8 messages · Peter Dalgaard, John C Nash, Uwe Ligges +2 more

#
Following this thread, I wondered why nobody tried cumsum to see where the integer
overflow occurs. On the shorter xx vector in the little script below I get a message:

Warning message:
Integer overflow in 'cumsum'; use 'cumsum(as.numeric(.))'
But sum() does not give such a warning, which I believe is the point of contention. Since
cumsum() does manage to give such a warning, and show where the overflow occurs, should
sum() not be able to do so? For the record, I don't class the non-zero answer as an error
in itself. I regard the failure to warn as the issue.

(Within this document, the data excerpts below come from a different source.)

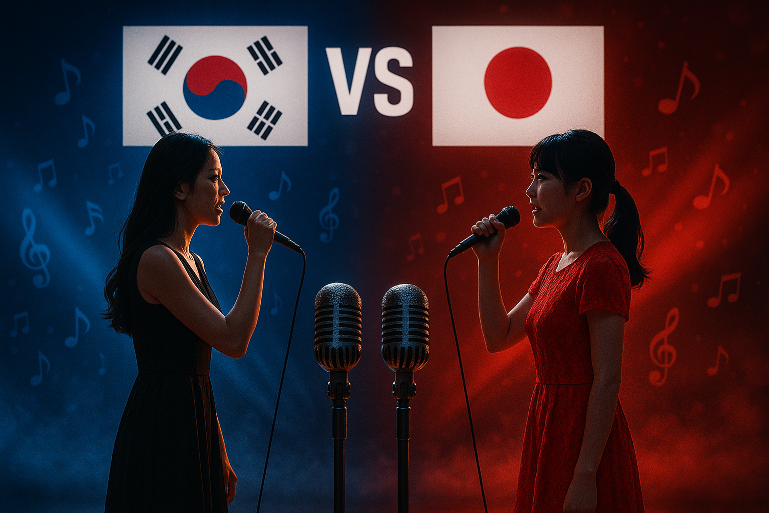 한국 트로트는 서정성과 감정선이 강조되는 반면, 일본 트로트는 음계의 다양성과 퍼포먼스 중심 경향이 있습니다.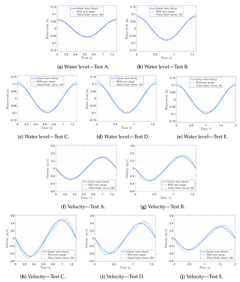 This section compares the theoretical expression for the wave impact velocity based on linear wave theory (see Section 3.1) with the measurements by the wall wave gauge in the tests without an overhang. Figure 3 show the comparison between measurements and theoretical estimations for the water level and wave surface velocity. For the theoretical estimations, a reflection coefficient of 100% () is considered. In addition to linear wave theory, the water level and wave surface velocity estimated by the third order wave theory from Reference [38] is also presented in Figure 3.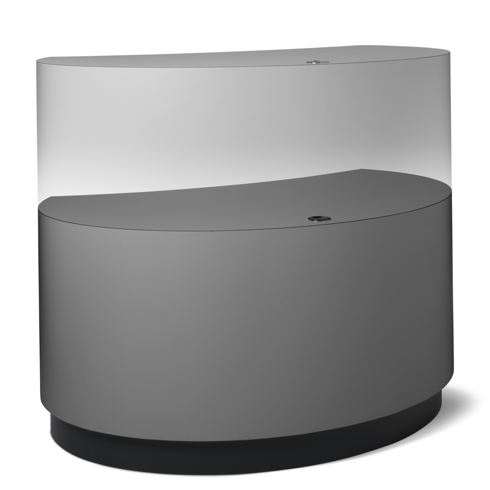 Info Pod doté d’un plan de travail de plus grandes dimensions. Elle sont réglables en hauteur et parfaites comme points d’information ou postes de consultation dans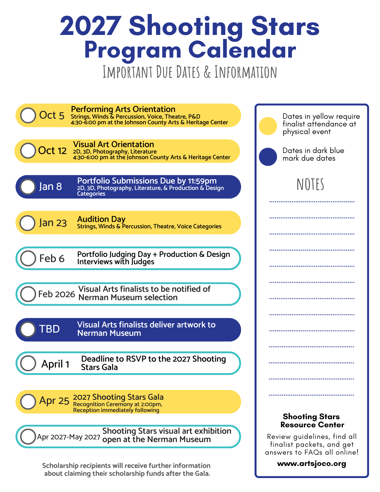 The Finalist Resource Center is a central place to find details about the Shooting Stars program. It includes links to the program calendar and scholarship guidelines. Finalist program packets, which are linked below, include detailed information about audition and portfolio submission requirements, deadlines, and the Shooting Stars Gala and Recognition Ceremony.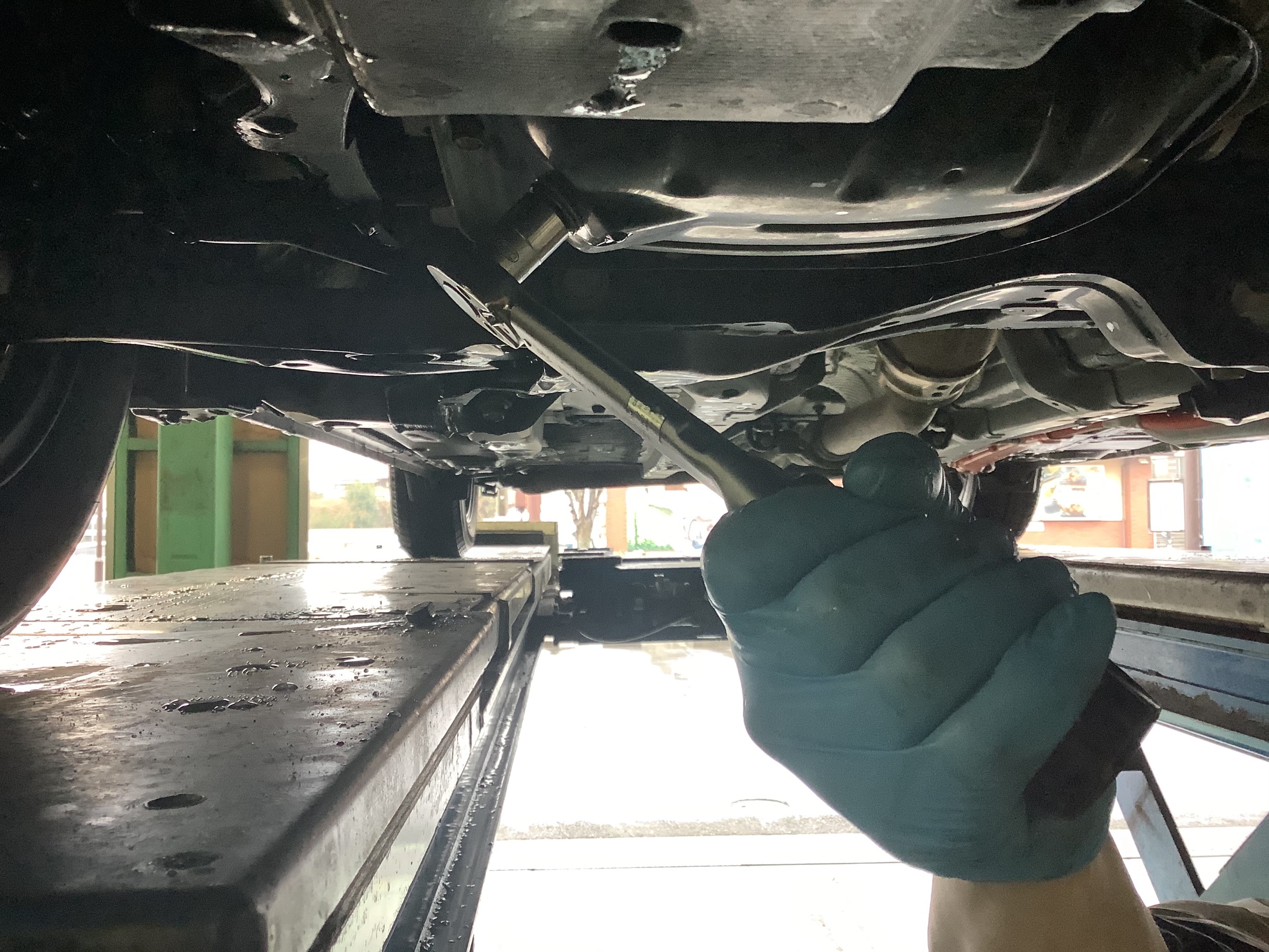 最後にドレンボルトからのオイル漏れなどの最終チェックを行います。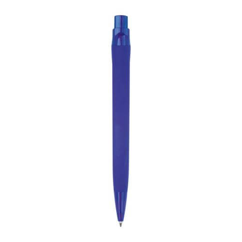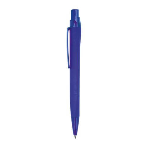 Rubberized plastic ballpoint pen with blue ink refill (approx. 800 m writing length).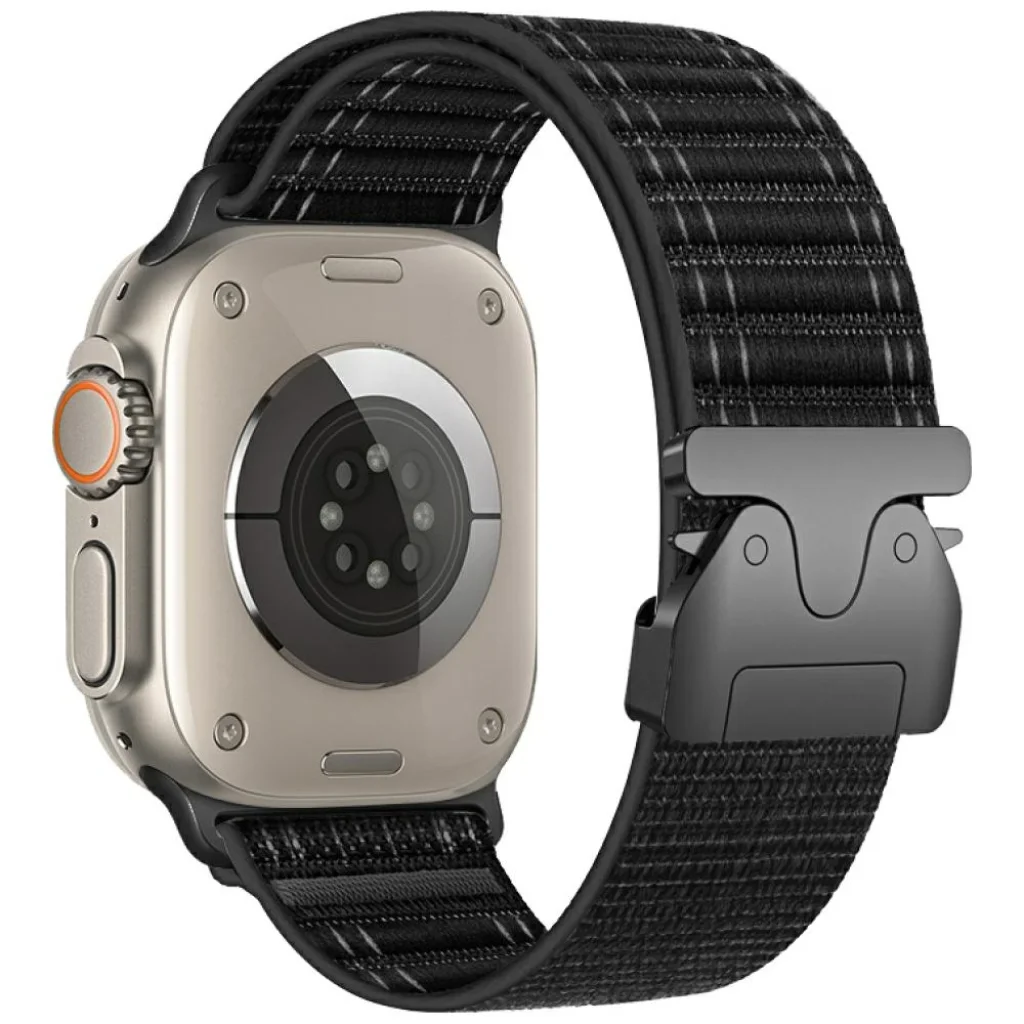 A Beline Szőtt Nylon Diagonál Stílusú Ejtőernyő Szíj kényelmes Apple Watch szíj, amely nylonból készült, így ideális a mindennapos használatra. A szíjat kiváló minőségű, tartós és erős szálakból szőtték, létrehozva egy olyan pántot, amely rendkívül ellenálló a napi viselet során. A szíj megerősített élekkel és további varrással rendelkezik, mely megvédi a szakadástól vagy foszlástól. A szíj csattos záródással állítható és könnyedén igazítható az egyéni igényekhez, így tökéletesen illeszkedik a csukló körméretéhez.

For info, on my Ubnuntu Lucid 10.04 system that has 4 GB of RAM but no swap, the last line
of the script to do the int64 sum chugs for about 2 minutes then gives "Killed" and
returns to the terminal prompt. It also seems to render some other applications unstable
(I had Thunderbird running to read R-devel, and this started to behave strangely after the
crash, and I had to reboot.) I'm copying Romain as package maintainer, and I'll be happy
to try to work off-list to figure out how to avoid the "Killed" result. (On a 16GB
machine, I got the 0 answer.)

Best,

John Nash

Here's the system info and small script.
## sumerr.R  20111214
library(int64)
x <- c(rep(1800000003L, 10000000), -rep(1200000002L, 15000000))
xx <- c(rep(1800000003L, 1000), -rep(1200000002L, 1500))
sum(x)
sum(as.double(x))
sum(xx)
sum(as.double(xx))
cumsum(xx)
cumsum(as.int64(xx))

tmp<-readline("Now try the VERY SLOW int64")
sum(as.int64(x))
#
On Dec 14, 2011, at 16:19 , John C Nash wrote:

            
It (sum) does warn if you take the two "halves" separately. The issue is that the overflow is detected at the end of the summation, when the result is to be saved to an integer (which of course happens for all intermediate sums in cumsum)
[1] NA
Warning message:
In sum(x[1:1e+07]) : Integer overflow - use sum(as.numeric(.))
[1] NA
Warning message:
In sum(x[10000001:1.5e+07]) : Integer overflow - use sum(as.numeric(.))
[1] 4996000

There's a pretty easy fix, essentially to move

    if(s > INT_MAX || s < R_INT_MIN){
        warningcall(call, _("Integer overflow - use sum(as.numeric(.))"));
        *value = NA_INTEGER;
    }

inside the summation loop. Obviously, there's a speed penalty from two FP comparisons per element, but I wouldn't know whether it matters in practice for anyone.
#
On 14.12.2011 17:19, peter dalgaard wrote:
I don't think I am interested in where the overflow happens if I call 
sum()...

Uwe
#
I agree that where the overflow occurs is not critical (one can go back to cumsum and find
out). I am assuming that Uwe still wants to know there has been an overflow at some point
i.e., a warning. This could become more "interesting" as parallel computation causes
different summation orderings on sums of large numbers of items.

JN
On 12/14/2011 03:58 PM, Uwe Ligges wrote:
#
On 14.12.2011 22:16, John C Nash wrote:
Yes, sure.

Uwe
#
Hi Peter,
On 11-12-14 08:19 AM, peter dalgaard wrote:
Since you want to generate this warning once only, your test (now
inside the loop) needs to be something like:

     if (warn && (s > INT_MAX || s < R_INT_MIN)) {
         generate the warning
         warn = 0;
     }

with 'warn' initialized to 1. This makes the isum() function almost
twice slower on my machine (64-bit Ubuntu) when compiling with
gcc -O2 and when no overflow occurs (the most common use case I guess).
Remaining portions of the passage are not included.